Clustering with multiple features by week


I have a set of data by store by week with 2 features - sales and pp. I want to cluster them based on these features ideally to group the ones with the most similar trading patterns throughout the year.

Is it possible to do this with the data I have. My understanding is the features are the columns and the rows are what will be assigned labels based on the clusters, but I have weeks to take into account so I don't know if these should be in the rows or the columns?

library(data.table)
dt <- data.table(weeks = rep(seq(1:5),5),
             store = c(rep("a", 5), rep("b", 5), rep("c", 5), 
                       rep("e", 5), rep("d", 5)),
             sales = rep(rnorm(5), 5),
             pp = rep(rnorm(5), 5))
dt <- dcast.data.table(dt, store ~ weeks, value.var = c("sales", "pp"))

thanks


Solution

  • Since you have more than 1000 stores, the below demo might not be applicable directly but hopefully point you in the right direction.

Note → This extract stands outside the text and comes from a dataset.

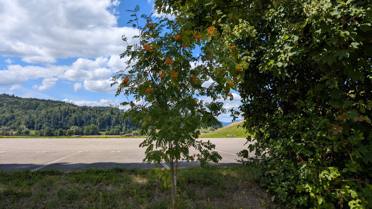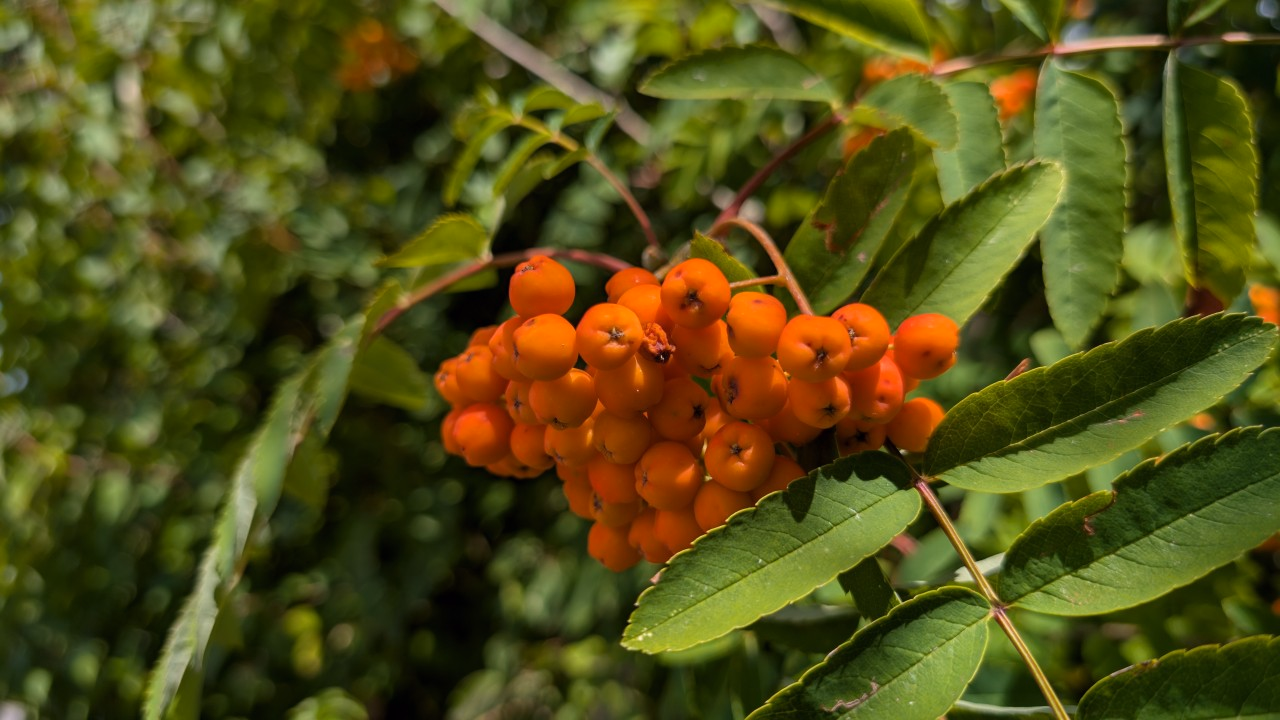 Die Früchte der Vogelbeere sind orange bis rot und kugelig, aber im Gegensatz zu denen des Essigbaums kahl. Zudem sind sie in einer Schirmrispe (also eher flächig) angeordnet. © Kanton Aargau

    You can analyze clustering of stores for a weekly basis or any another variant of weeks(N=4,8,...)

    Here we look at store clusters at weekly frequency:

    Test Data

    library(dplyr)     #data manipulation
    library(ggdendro)  #extracting clusters
    library(ggplot2)   #plotting
    library(gridExtra) #for arranging ggplot graphs in grids 
    
    set.seed(42)
    
    DF <- data.frame(weeks = rep(seq(1:5),5),
        store = c(rep("A", 5), rep("B", 5), rep("C", 5), 
                rep("E", 5), rep("D", 5)),
        sales = rnorm(25),
        pp = rnorm(25))
    
    
    weekInput = unique(DF$weeks)
    

    Choosing frequency of weeks:

    In the simple case, I have included discrete weeks i.e. 1,2,3,4 and 5.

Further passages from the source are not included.